**Work required:** Omit all pictures, then retype exactly the lines from the one that contains "Delicado Collar de" through the end of the listing.

**Exercise input:**
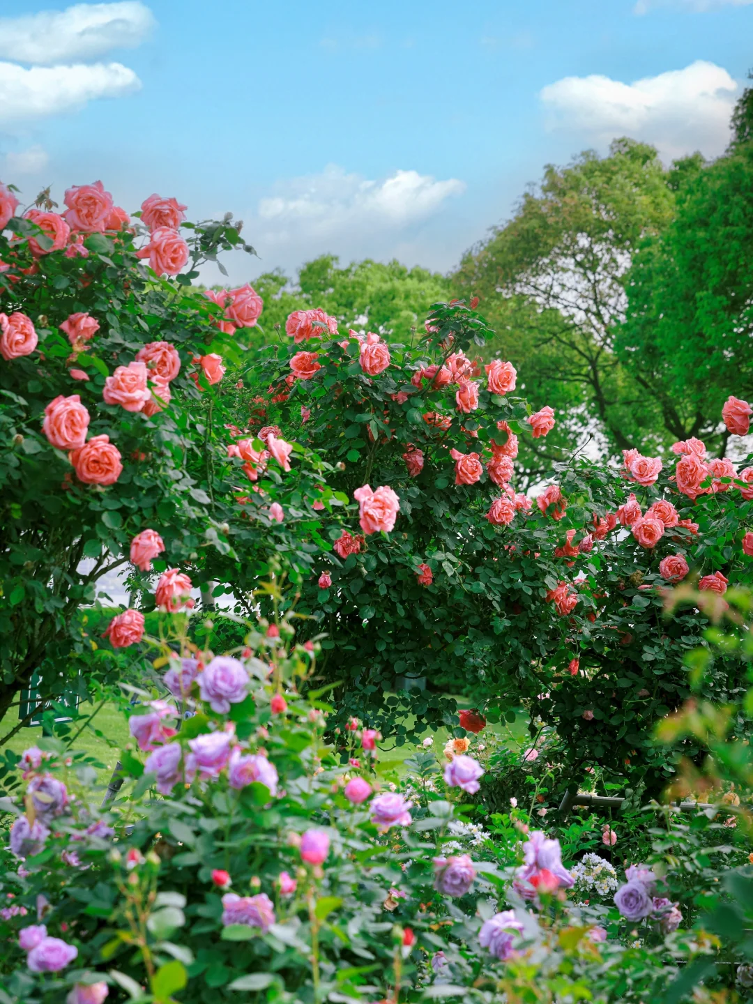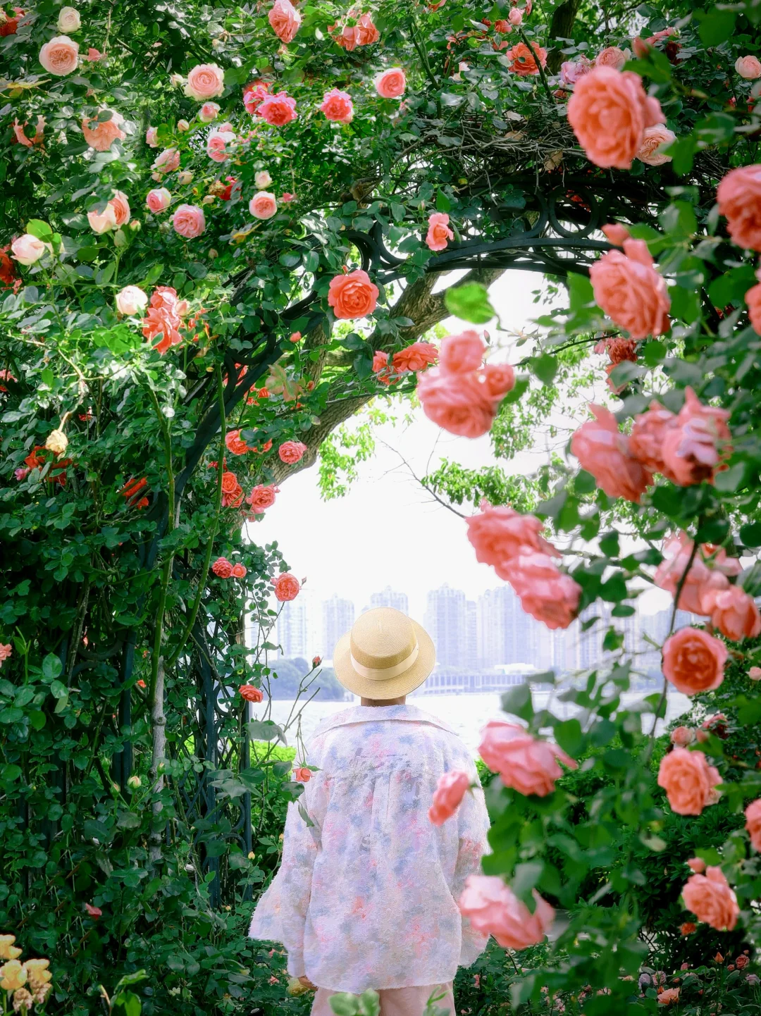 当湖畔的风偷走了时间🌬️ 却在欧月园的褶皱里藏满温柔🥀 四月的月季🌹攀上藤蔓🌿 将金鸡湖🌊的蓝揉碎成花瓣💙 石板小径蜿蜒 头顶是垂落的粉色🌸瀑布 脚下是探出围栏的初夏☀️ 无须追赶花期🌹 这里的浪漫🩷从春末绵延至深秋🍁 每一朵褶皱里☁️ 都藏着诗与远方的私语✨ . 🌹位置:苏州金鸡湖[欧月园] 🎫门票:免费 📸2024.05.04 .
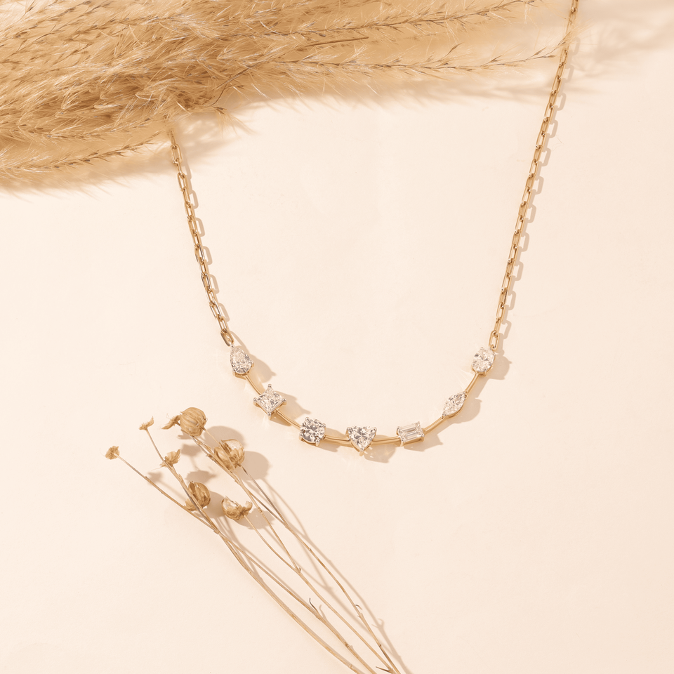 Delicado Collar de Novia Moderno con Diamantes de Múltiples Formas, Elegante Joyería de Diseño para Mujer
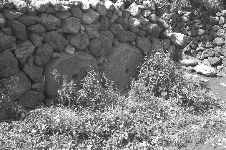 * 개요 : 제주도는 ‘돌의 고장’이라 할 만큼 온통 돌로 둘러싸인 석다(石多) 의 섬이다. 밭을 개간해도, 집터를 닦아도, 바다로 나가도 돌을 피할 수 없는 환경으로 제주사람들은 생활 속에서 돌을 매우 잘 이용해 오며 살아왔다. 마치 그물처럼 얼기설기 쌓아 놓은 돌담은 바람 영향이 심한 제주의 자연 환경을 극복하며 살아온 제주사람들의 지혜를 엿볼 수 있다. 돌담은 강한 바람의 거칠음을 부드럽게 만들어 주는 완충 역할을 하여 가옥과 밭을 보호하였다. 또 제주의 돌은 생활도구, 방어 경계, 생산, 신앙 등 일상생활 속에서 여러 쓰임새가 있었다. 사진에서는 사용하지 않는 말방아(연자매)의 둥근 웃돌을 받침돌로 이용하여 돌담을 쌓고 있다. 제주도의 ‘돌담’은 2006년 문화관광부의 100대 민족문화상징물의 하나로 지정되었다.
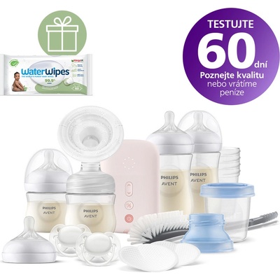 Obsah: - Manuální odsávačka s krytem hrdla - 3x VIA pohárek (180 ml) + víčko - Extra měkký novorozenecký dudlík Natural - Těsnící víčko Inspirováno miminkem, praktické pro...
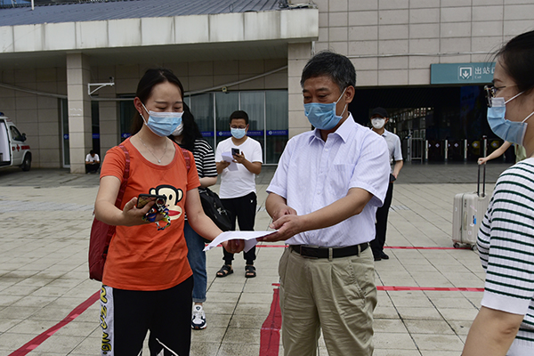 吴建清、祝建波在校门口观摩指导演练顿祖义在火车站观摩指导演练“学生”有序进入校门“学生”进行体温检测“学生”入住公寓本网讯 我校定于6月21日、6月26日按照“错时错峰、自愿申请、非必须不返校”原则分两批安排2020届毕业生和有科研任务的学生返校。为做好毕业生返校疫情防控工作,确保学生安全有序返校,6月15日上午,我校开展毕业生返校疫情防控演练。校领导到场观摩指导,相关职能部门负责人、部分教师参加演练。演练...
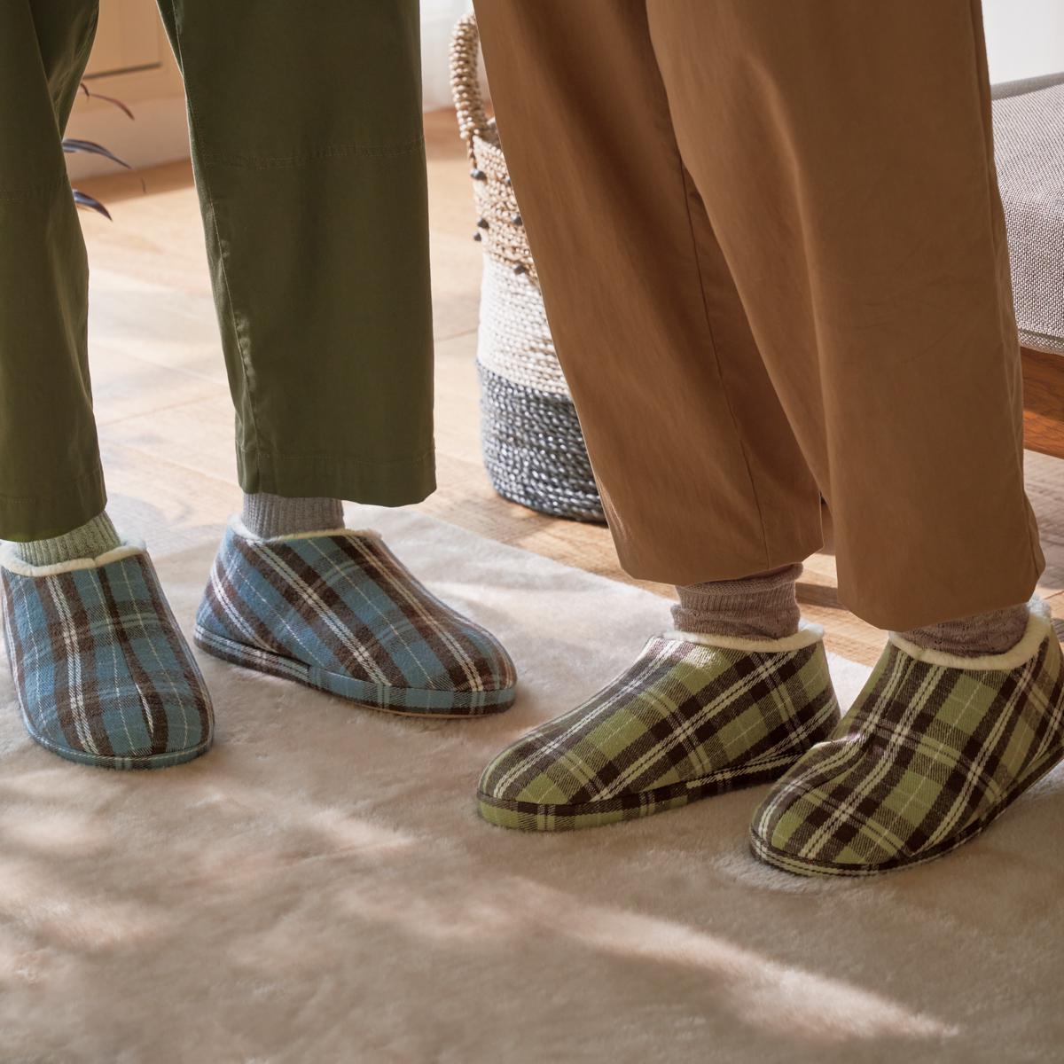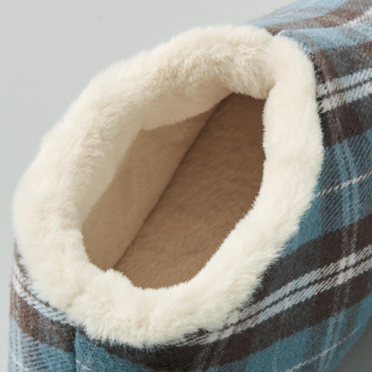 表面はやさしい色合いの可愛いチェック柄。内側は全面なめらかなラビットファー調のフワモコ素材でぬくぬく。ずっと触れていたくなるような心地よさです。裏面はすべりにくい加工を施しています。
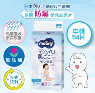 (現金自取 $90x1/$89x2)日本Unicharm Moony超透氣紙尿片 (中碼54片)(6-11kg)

**Result of this task:**
 Delicado Collar de Novia Moderno con Diamantes de Múltiples Formas, Elegante Joyería de Diseño para Mujer
 * 개요 : 제주도는 ‘돌의 고장’이라 할 만큼 온통 돌로 둘러싸인 석다(石多) 의 섬이다. 밭을 개간해도, 집터를 닦아도, 바다로 나가도 돌을 피할 수 없는 환경으로 제주사람들은 생활 속에서 돌을 매우 잘 이용해 오며 살아왔다. 마치 그물처럼 얼기설기 쌓아 놓은 돌담은 바람 영향이 심한 제주의 자연 환경을 극복하며 살아온 제주사람들의 지혜를 엿볼 수 있다. 돌담은 강한 바람의 거칠음을 부드럽게 만들어 주는 완충 역할을 하여 가옥과 밭을 보호하였다. 또 제주의 돌은 생활도구, 방어 경계, 생산, 신앙 등 일상생활 속에서 여러 쓰임새가 있었다. 사진에서는 사용하지 않는 말방아(연자매)의 둥근 웃돌을 받침돌로 이용하여 돌담을 쌓고 있다. 제주도의 ‘돌담’은 2006년 문화관광부의 100대 민족문화상징물의 하나로 지정되었다.
 Obsah: - Manuální odsávačka s krytem hrdla - 3x VIA pohárek (180 ml) + víčko - Extra měkký novorozenecký dudlík Natural - Těsnící víčko Inspirováno miminkem, praktické pro...
 吴建清、祝建波在校门口观摩指导演练顿祖义在火车站观摩指导演练“学生”有序进入校门“学生”进行体温检测“学生”入住公寓本网讯 我校定于6月21日、6月26日按照“错时错峰、自愿申请、非必须不返校”原则分两批安排2020届毕业生和有科研任务的学生返校。为做好毕业生返校疫情防控工作,确保学生安全有序返校,6月15日上午,我校开展毕业生返校疫情防控演练。校领导到场观摩指导,相关职能部门负责人、部分教师参加演练。演练...
 表面はやさしい色合いの可愛いチェック柄。内側は全面なめらかなラビットファー調のフワモコ素材でぬくぬく。ずっと触れていたくなるような心地よさです。裏面はすべりにくい加工を施しています。
 (現金自取 $90x1/$89x2)日本Unicharm Moony超透氣紙尿片 (中碼54片)(6-11kg)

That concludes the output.